Date of Award

1976

Degree Type

Thesis

Degree Name

Master of Arts in Philosophy

Department

Philosophy

First Advisor

David Freeman

Abstract

The question as to whether empirical knowledge has any foundations and, if it does, just what those foundations might be, has long been an important epistemological question. The problem with which I am concerned is that of taking primitive sensory experience as the ground of empirical knowledge. I consider three attempts on the part of 20th century British and American analytical philosophers to substantiate our ordinary knowledge claims about an extra-mental, empirical reality. The first of these is the sense-datum approach to the problem, in which by using the act-object analysis of simple sensations, the independent status of things sensed was thought to be established. But I point out that the sense-datum theorists do not prove the point they set out to prove, but only succeed in illuminati: 1g the fundamental assumptions of Realism in opposition to those of Idealism. In opposition to the sense-datum Realists, I advance the adverbial analysis of sensation, and in so doing open the way to a less direct but more credible Realism.

The second part considers the protocol-statement theories, according to which empirical knowledge is (or corresponds to) a truth-functional syntactical system of propositions ultimately grounded on a class of atomic propositions: the protocol statements. It becomes apparent that the protocol-statement theories must choose between subjectivism and corrigibility. The relation of empirical knowledge claims to subjective sense experiences is problematic.

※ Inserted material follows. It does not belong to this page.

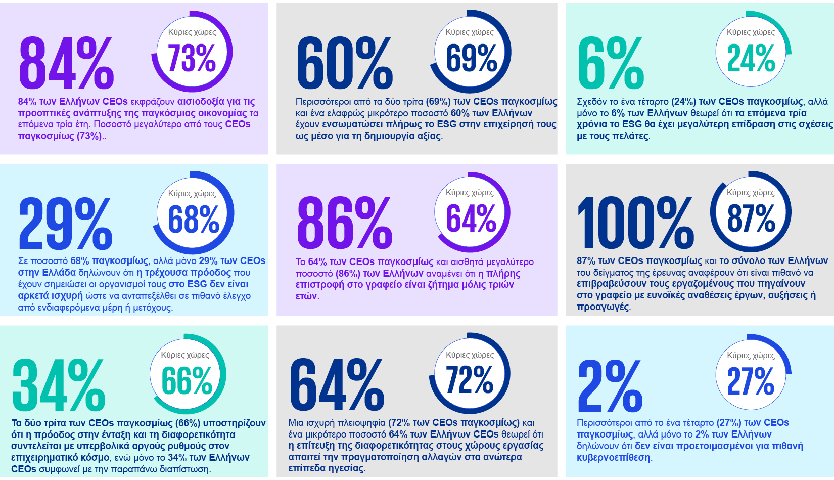 Σύμφωνα με τα ευρήματα της έρευνας, οι Έλληνες CEOs φαίνεται να συμμερίζονται την αισιοδοξία των CEOs παγκοσμίως για τις προοπτικές ανάπτυξης της παγκόσμιας οικονομίας, της χώρας και της εταιρείας τους. Ωστόσο, σε ένα γεωπολιτικά κατακερματισμένο κόσμο κατατάσσουν τη γεωπολιτική και πολιτική αβεβαιότητα υψηλά στις προκλήσεις που καλούνται να αντιμετωπίσουν.

Finally, I relate the attempt made to rework the phenomenalistic and physicalistic epistemic systems of the Logical Positivists along the lines of warranting relations rather than implicative relations. Thus sensory experience comes to have an evidence-conferring relation to empirical knowledge claims. But that relation is a complex one which must be determined in the light of all our relevant information; particularly that regarding the causal conditions prevailing in our perceptual environment.